Anna looked stricken.  “I always wanted to come from a large family.  But I was an only child, the spackle on my parents’ marriage.”

Uh oh.  Here it was:  The California Confession.  One thing I’d learned in my two days here was that Californians could bring out the big guns of personal pain on a moment’s notice.  Just today, I’d been in the corner market buying party supplies when I overheard one woman emphatically tell another that she was learning to honor her clitoris after her divorce.

“Are your parents still together?” Ed asked, proving his true California colors by forging ahead fearlessly with the conversation.

Anna shook her head, her satiny black curtain of hair swinging around her elfin face.  “They got divorced five years ago.  That’s when my repressed memories of the emotional abuse first surfaced enough for me to own them,” she explained.
Ed folded Anna into his arms, then cupped her chin in one hand and tipped it towards him.  “I want to say one word to you.  Just one,” he said.  “It’s a word I want you to repeat as you process your past and progress with your life’s work.”
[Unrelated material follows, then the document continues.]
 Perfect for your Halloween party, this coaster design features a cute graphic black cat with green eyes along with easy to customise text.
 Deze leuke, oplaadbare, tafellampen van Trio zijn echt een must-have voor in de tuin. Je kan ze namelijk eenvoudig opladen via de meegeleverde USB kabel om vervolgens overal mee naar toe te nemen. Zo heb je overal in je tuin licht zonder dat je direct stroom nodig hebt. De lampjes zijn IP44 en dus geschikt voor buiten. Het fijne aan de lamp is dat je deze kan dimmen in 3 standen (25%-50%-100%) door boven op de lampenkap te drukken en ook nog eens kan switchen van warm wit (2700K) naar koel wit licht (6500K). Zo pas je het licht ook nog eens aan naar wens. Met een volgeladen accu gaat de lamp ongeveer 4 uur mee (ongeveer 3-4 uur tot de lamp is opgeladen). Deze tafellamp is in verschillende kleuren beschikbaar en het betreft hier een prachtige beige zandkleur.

Embarrassed but fascinated, I stepped closer, anxious to shoplift any soul-saving secrets I could use for myself.

Anna’s eyes brimmed.  “What is it?”

Forgiveness,” Ed murmured, stroking Anna's hair the way you’d calm an anxious horse. 
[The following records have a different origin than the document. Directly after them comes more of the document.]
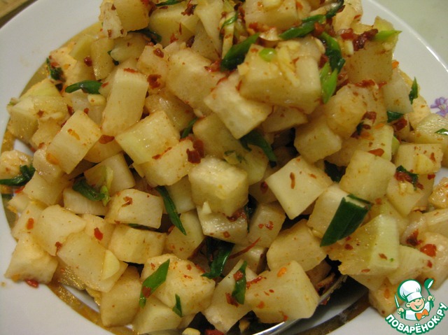 Наверное уже все знают, что корейская кухня отличается остротой вкуса своих холодных закусок. Вот ещё один вариант острого салатика из дайкона. Любителям должно понравится.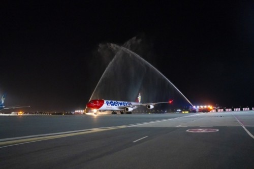 Muscat International Airport welcomes the first flight of Swiss Edelweiss Airline on the direct route between Muscat International Airport and Zurich International Airport with two weekly flight Tuesday and Friday. The flight was greeted with conventional water spray salute amongst a welcome of senior employees from Oman Airports.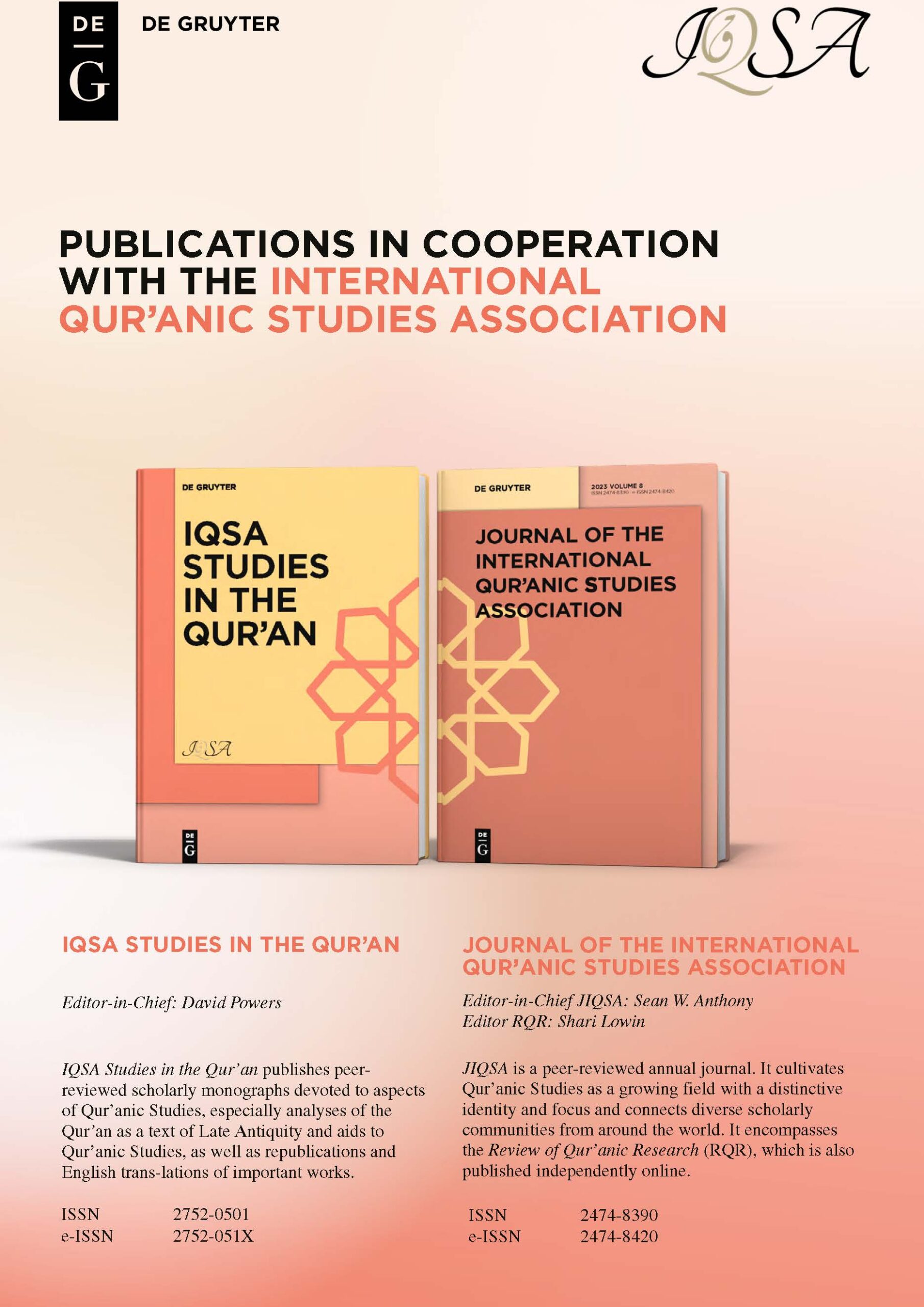 The ninth volume of the Journal of the International Qur’anic Studies Association (JIQSA) was successfully published under the expert editorial leadership of Sean W. Anthony (JIQSA), Shari Lowin (Review of Qur’anic Research), and Saqib Hussain (Associate Editor). Additionally, De Gruyter made all articles from JIQSA Volume 8 publicly accessible, with select articles from Volume 9 also available as open access. For information on subscriptions and submissions, visit our journal homepage at De Gruyter.

“That is so beautiful,” Anna told him.
That is so much hooey, I thought, as a commotion broke out behind us.  Dancers were skipping to the left and right, the women climbing onto the sofa and chairs, the men spinning around, flapping red paper napkins.
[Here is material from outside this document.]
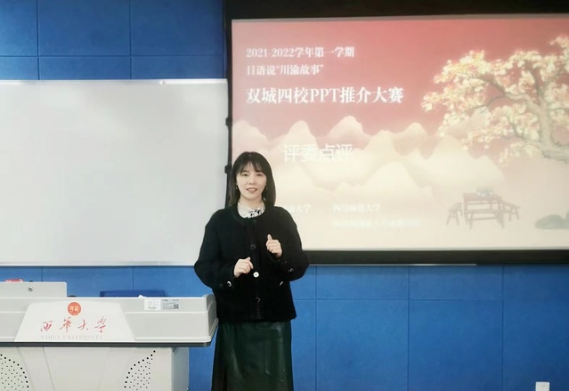 为进一步推进“新文科”建设,西华大学携手四川外国语大学、四川师范大学、以及四川外国语大学成都学院,强强联合,创新教研方式,共同建设“日语专业思政融合式课程群虚拟教研室”。作为虚拟教研室重要教研活动之一,四所高校于近日举办了“双城四校用日语讲川渝故事PPT推介大赛”,旨在深入推进课程思政改革创新,增强大学生文化自信,在提高学生日语能力的同时,进一步传播好中国声音和中国文化。
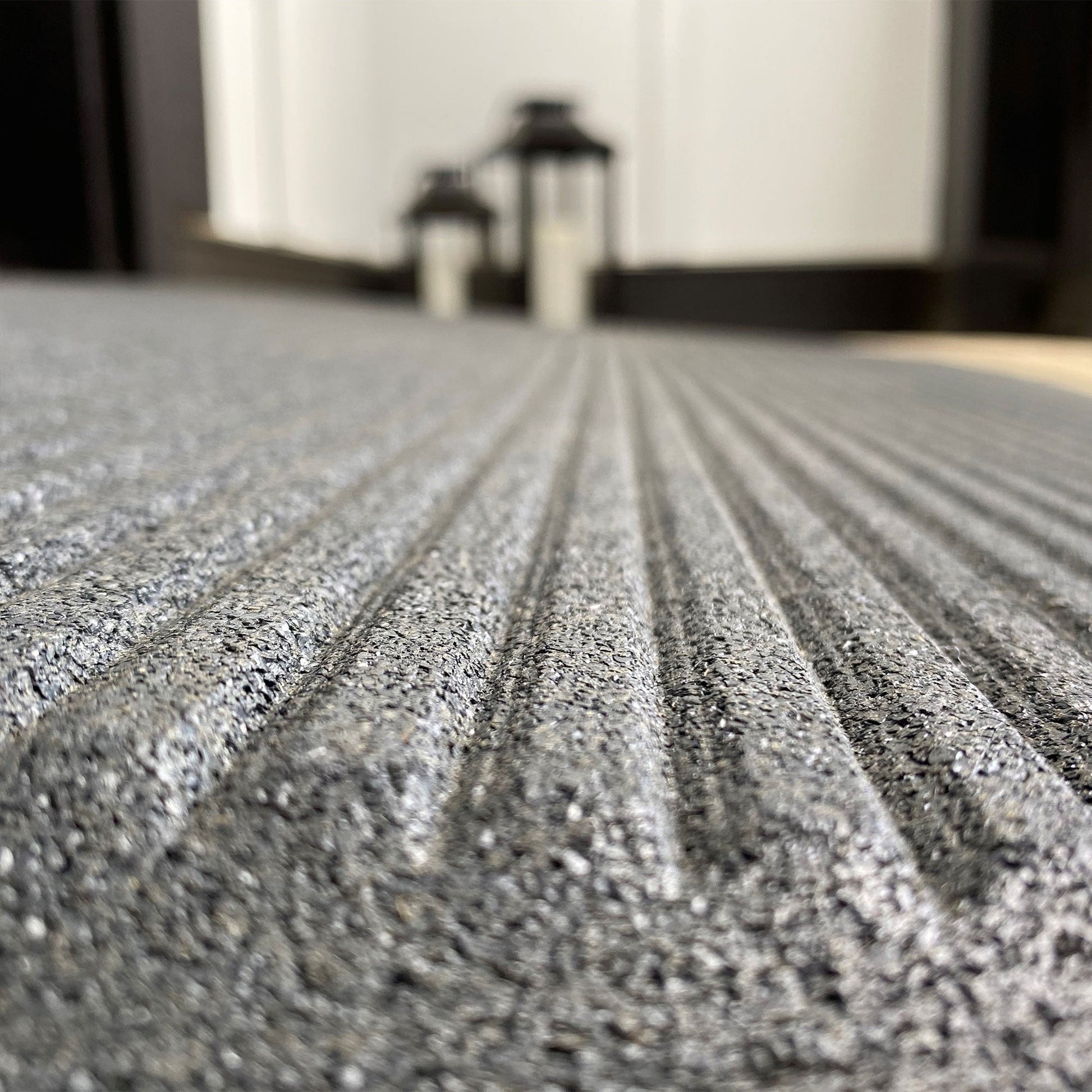 Crafted from recycled materials, this mat comprises at least 90 percent recycled rubber, aligning with sustainable practices. This door access tool has a quick and easy installation process allows for immediate use – simply set it in place, insert the anchors, and you're good to go. The mat's adaptable nature shines through, with the ability to be effortlessly trimmed or notched to achieve a custom fit for your unique doorway. Designed with functionality in mind, recessed grooves effectively trap dirt and debris, maintaining cleanliness and preventing slips. The edgeless construction promotes efficient water drainage, while the beveled edges facilitate smooth cross-traffic access and contribute to an attractive, finished appearance.

“Look out!  A rat!” a man cried.

It was a mouse, actually.  The terrified rodent scooted between feet and furniture legs.  A bearded man in a black t-shirt and black jeans stepped forward with a dish towel held in front of him like a fireman offering a net.  “Jump up here, little guy!” he coaxed.  “Jump!”

The mouse ignored this invitation and continued to zip around like a wind-up toy.  Various people squealed and shrieked, including the bearded man. 
Finally, Ed dropped to a crouch, scooped the mouse into one hand and flipped it into his shirt tail.  He toted the mouse in this cozy shirt hammock down the back stairs. 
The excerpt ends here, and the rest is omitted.